Sjötulls BK
- Full name: Sjötulls Bollklubb
- Founded: 2002
- Ground: Träffen Gävle Sweden
- Chairman: Tore Åberg
- League: Division 3 Södra Norrland
- 2010: Division 4 Gästrikland, 1st (Promoted)
| Home colours |

= Sjötulls BK =

Swedish football club

Sjötulls BK is a Swedish football club located in Gävle in Gävleborg County.

==Background==
Sjötulls Bollklubb were founded in 2002 and played their first season in the Swedish football league in 2003 in Division 6 Gästrikland where they finished in a creditable 7th place. Since their inaugural season the club have made good progress and have been promoted three times, the most recent success being winning Division 4 Gästrikland in 2010.

Since their foundation Sjötulls BK has participated mainly in the lower divisions of the Swedish football league system. The club currently plays in Division 3 Södra Norrland which is the fifth tier of Swedish football. They play their home matches at the Träffen in Gävle.
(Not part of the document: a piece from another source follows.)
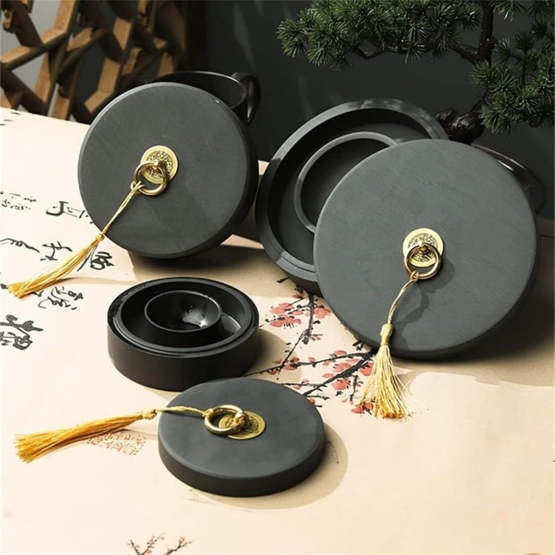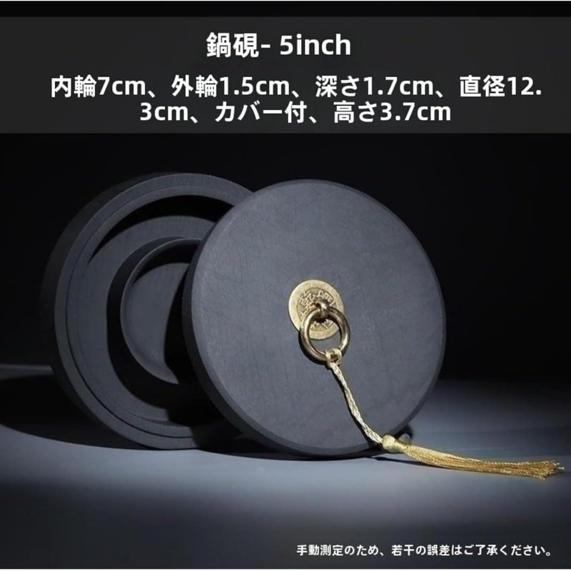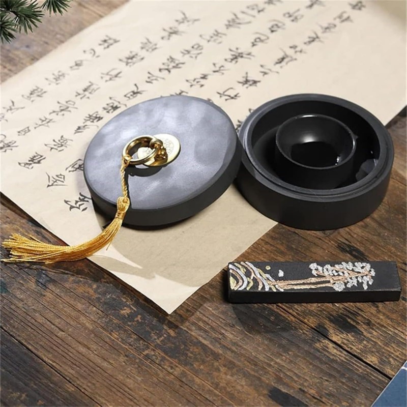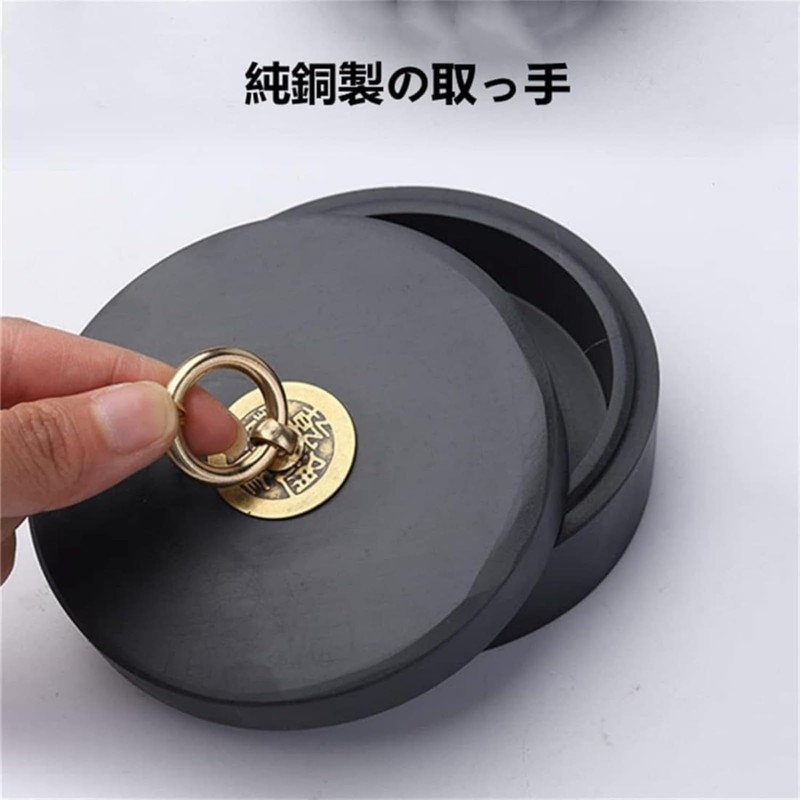 JBJSHHY 硯 墨池 黒 円硯 四角形 歙州硯 天然原石 書道液 書道絵画ツール 書道用品 書道練習 アクセサリー 中国風の書道墨池 書道インクストーン 蓋付き 蒸発防止 乾きにくい 水とインクを同時に入れる 初心者 学生 大人 (4インチ)
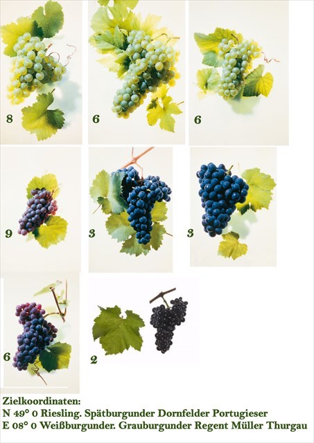 Ermittle die Koordinaten des Finales aus dem Plan mit den Rebsorten. Jeder Rebsorte ist eine Ziffer zugeordnet.

Sjötulls BK are affiliated to Gestriklands Fotbollförbund.

==Recent history==
In recent seasons Sjötulls BK have competed in the following divisions:

2011 – Division III, Södra Norrland

2010 – Division IV, Gästrikland

2009 – Division IV, Gästrikland

2008 – Division IV, Gästrikland

2007 – Division V, Gästrikland

2006 – Division VI, Gästrikland

2005 – Division VI, Gästrikland

2004 – Division VI, Gästrikland

2003 – Division VI, Gästrikland

==Attendances==

In recent seasons Sjötulls BK have had the following average attendances:

| Season | Average attendance | Division / Section | Level |
|---|---|---|---|
| 2008 | Not available | Div 4 Gästrikland | Tier 6 |
| 2009 | 74 | Div 4 Gästrikland | Tier 6 |
| 2010 | 66 | Div 4 Gästrikland | Tier 6 |

- Attendances are provided in the Publikliga sections of the Svenska Fotbollförbundet website.